INFORMATION SUPPLIED »
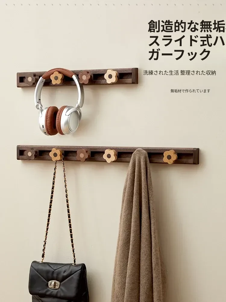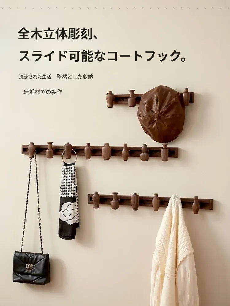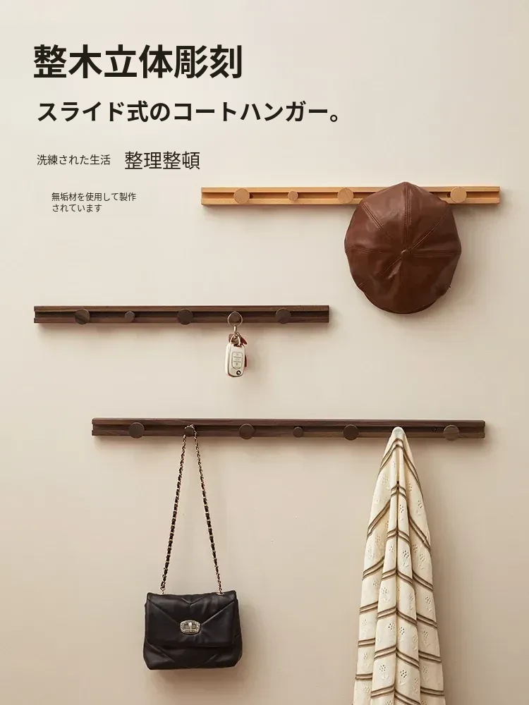 壁掛けフック - ノーネイル設計で簡単取り付け!スライド式の木製コートハンガーで、洗練された玄関を演出。おしゃれな収納で、帽子やコートをスマートに整理整頓!
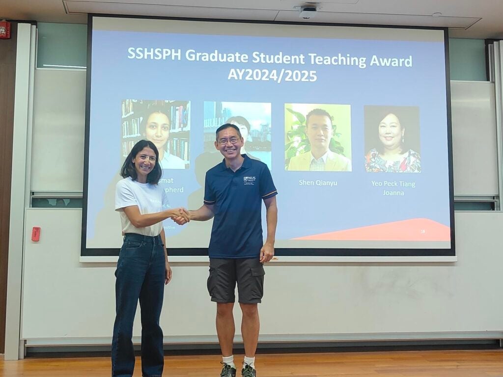 Afifah Ismat Rahman-Shepherd, Mu Rong, Shen Qianyu, Yeo Peck Tiang Joanna were awarded the SSHSPH Graduate Student Teaching Award.
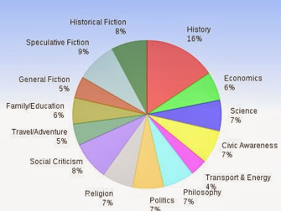 History, as usual, gets the lion’s share — still, not as much as last year’s 37%. My reading was intentionally more diverse this year, and accordingly science made a strong showing — with more reads last year than in the previous two yeas combined. When I began the year I wanted to model it after 2013, which was terrific in both terms of quality of books and in the variety of topics I considered. Just look at the spread!
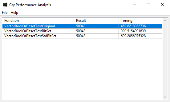 The result is as follows, Bits being approximately a factor 10 slower. std::bitset already seems to be a twice as fast:
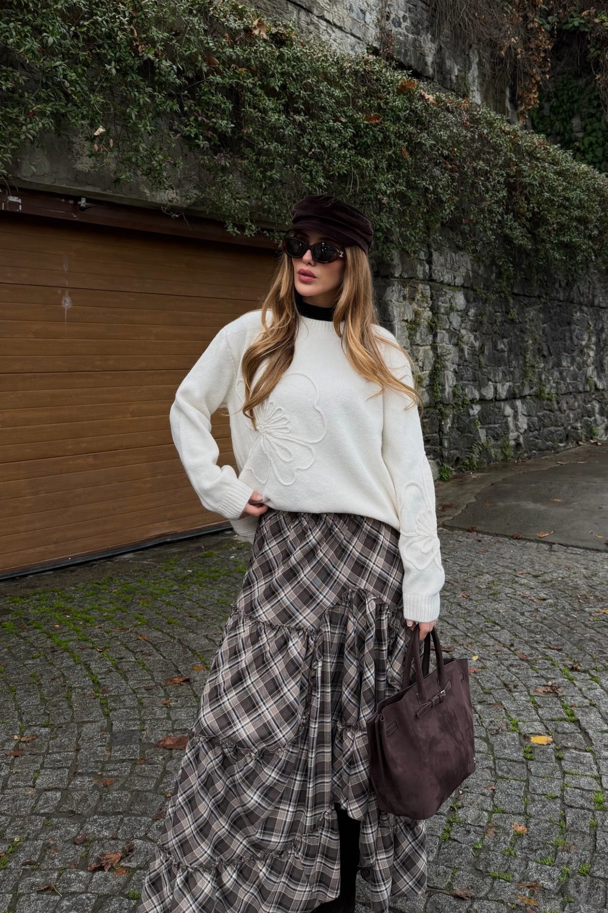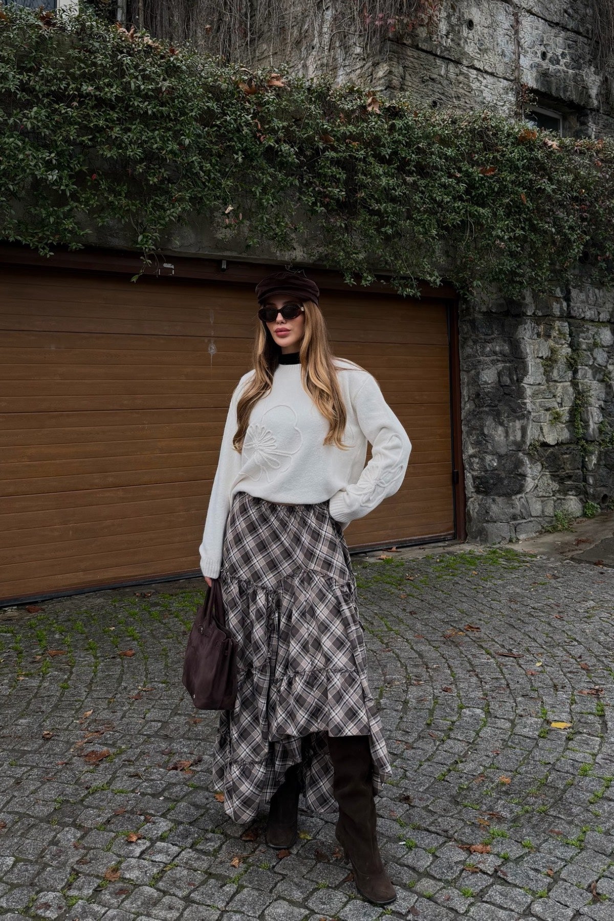 Kahverengi Yakası Fiyonk Detaylı Elbise- 2001
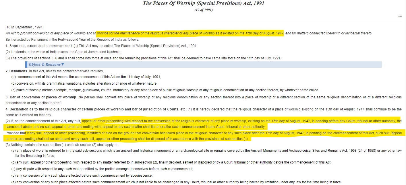 The Places of Worship (Special Provisions) Act, 1991 has been seen as a major hurdle to normalizing the conversion of Hindu temples from so-called mosques by the Islamic invaders to their original state in India. This is what it states.
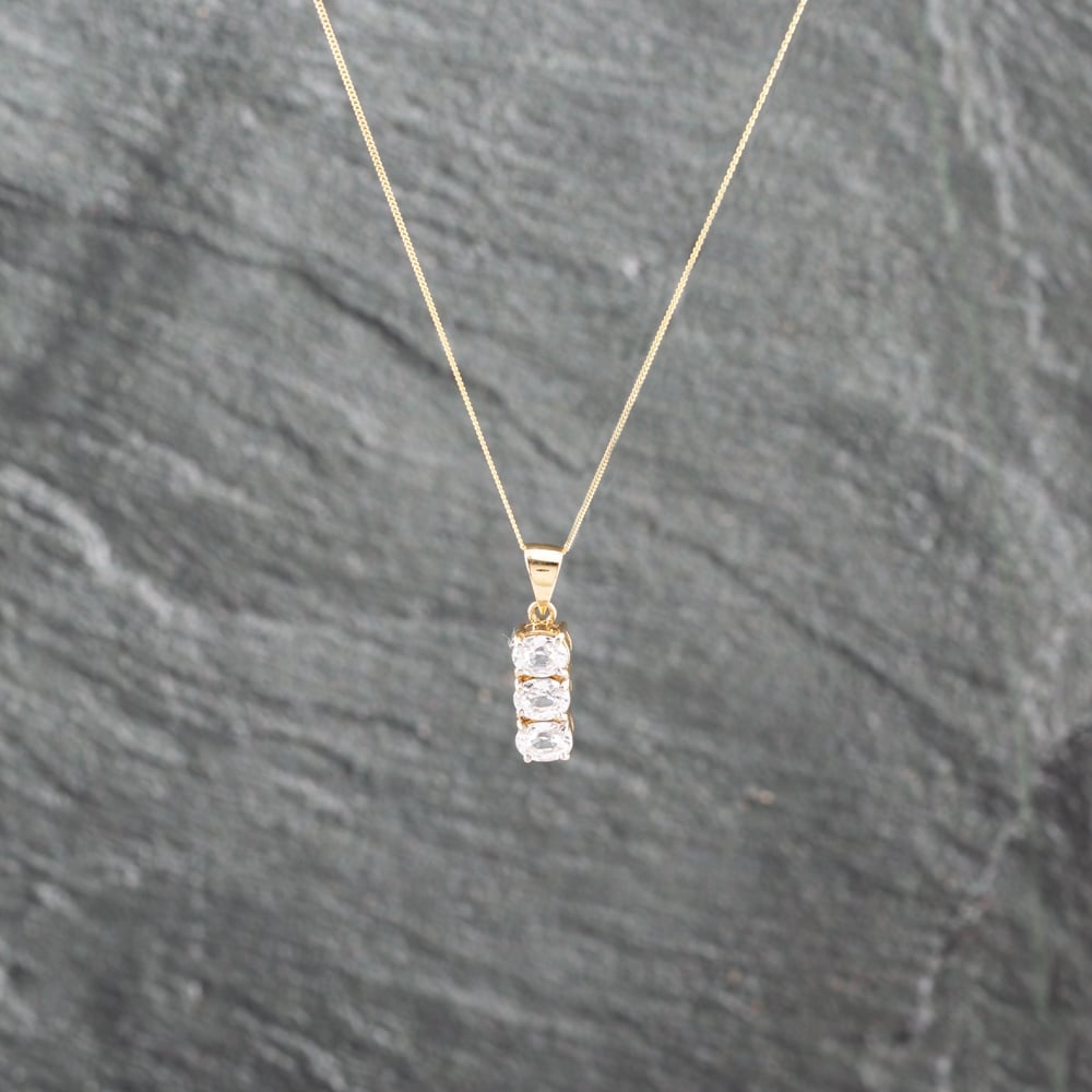 Second Hand 9ct Yellow Gold Cubic Zirconia 3 Stone Dropper Pendant & 18 Inch Curb Chain 41143027 Second Hand 9ct Yellow Gold Cubic Zirconia 3 Stone Dropper Pendant & 18 Inch Curb Chain 41143027
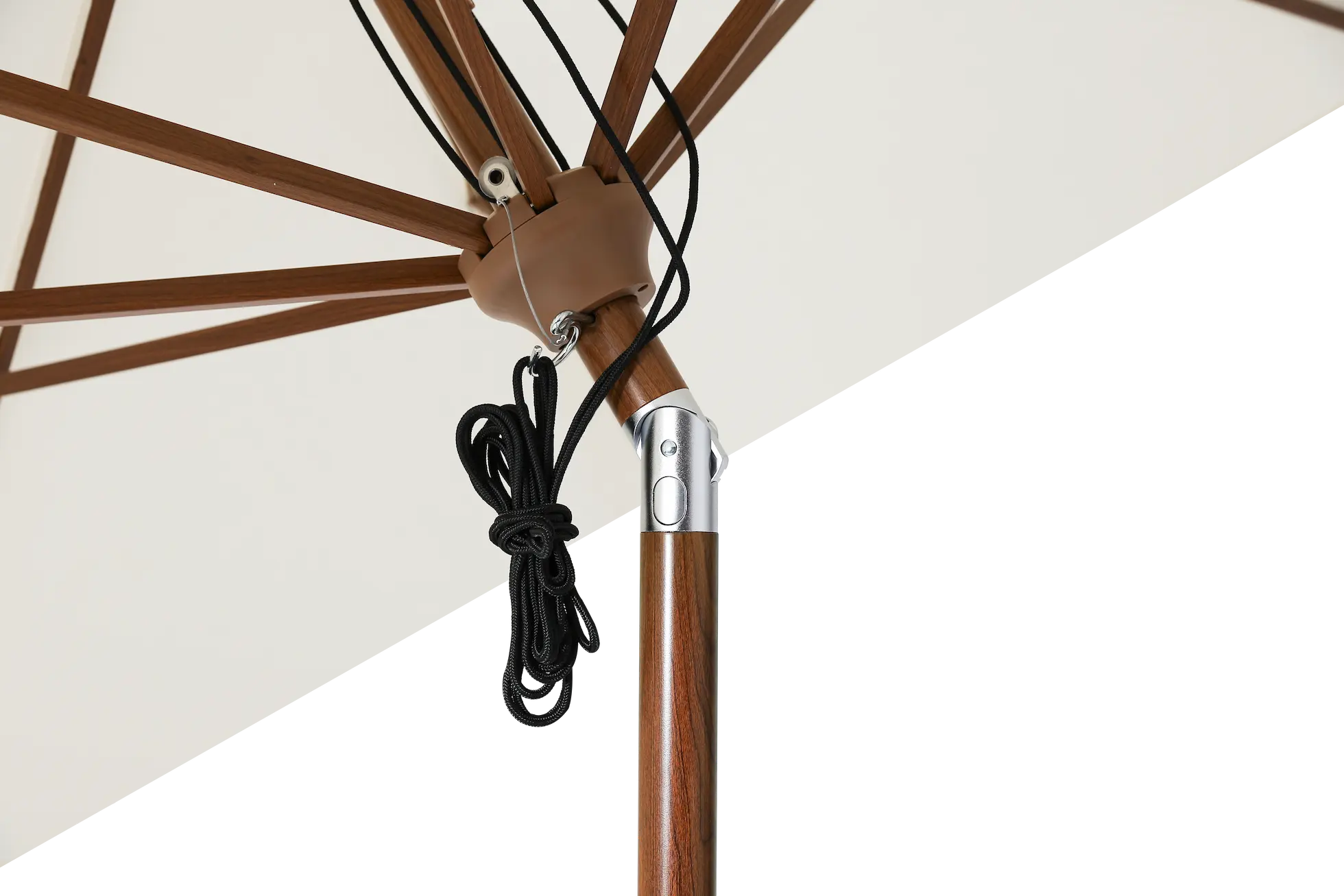 After hundreds of iterative experiments, we’ve achieved a faux wood effect that closely resembles real wood. This umbrella, with its lifelike appearance and tactile feel, offers a sustainable alternative to protect our forests from logging. Plus, tilting function is optional with a better strengthness than real wood.

AIM OF THE TASK » When you reproduce the material, keep every word exact and leave each picture out.

EXERCISE SOLUTION »
 壁掛けフック - ノーネイル設計で簡単取り付け!スライド式の木製コートハンガーで、洗練された玄関を演出。おしゃれな収納で、帽子やコートをスマートに整理整頓!
 Afifah Ismat Rahman-Shepherd, Mu Rong, Shen Qianyu, Yeo Peck Tiang Joanna were awarded the SSHSPH Graduate Student Teaching Award.
 History, as usual, gets the lion’s share — still, not as much as last year’s 37%. My reading was intentionally more diverse this year, and accordingly science made a strong showing — with more reads last year than in the previous two yeas combined. When I began the year I wanted to model it after 2013, which was terrific in both terms of quality of books and in the variety of topics I considered. Just look at the spread!
 The result is as follows, Bits being approximately a factor 10 slower. std::bitset already seems to be a twice as fast:
 Kahverengi Yakası Fiyonk Detaylı Elbise- 2001
 The Places of Worship (Special Provisions) Act, 1991 has been seen as a major hurdle to normalizing the conversion of Hindu temples from so-called mosques by the Islamic invaders to their original state in India. This is what it states.
 Second Hand 9ct Yellow Gold Cubic Zirconia 3 Stone Dropper Pendant & 18 Inch Curb Chain 41143027 Second Hand 9ct Yellow Gold Cubic Zirconia 3 Stone Dropper Pendant & 18 Inch Curb Chain 41143027
 After hundreds of iterative experiments, we’ve achieved a faux wood effect that closely resembles real wood. This umbrella, with its lifelike appearance and tactile feel, offers a sustainable alternative to protect our forests from logging. Plus, tilting function is optional with a better strengthness than real wood.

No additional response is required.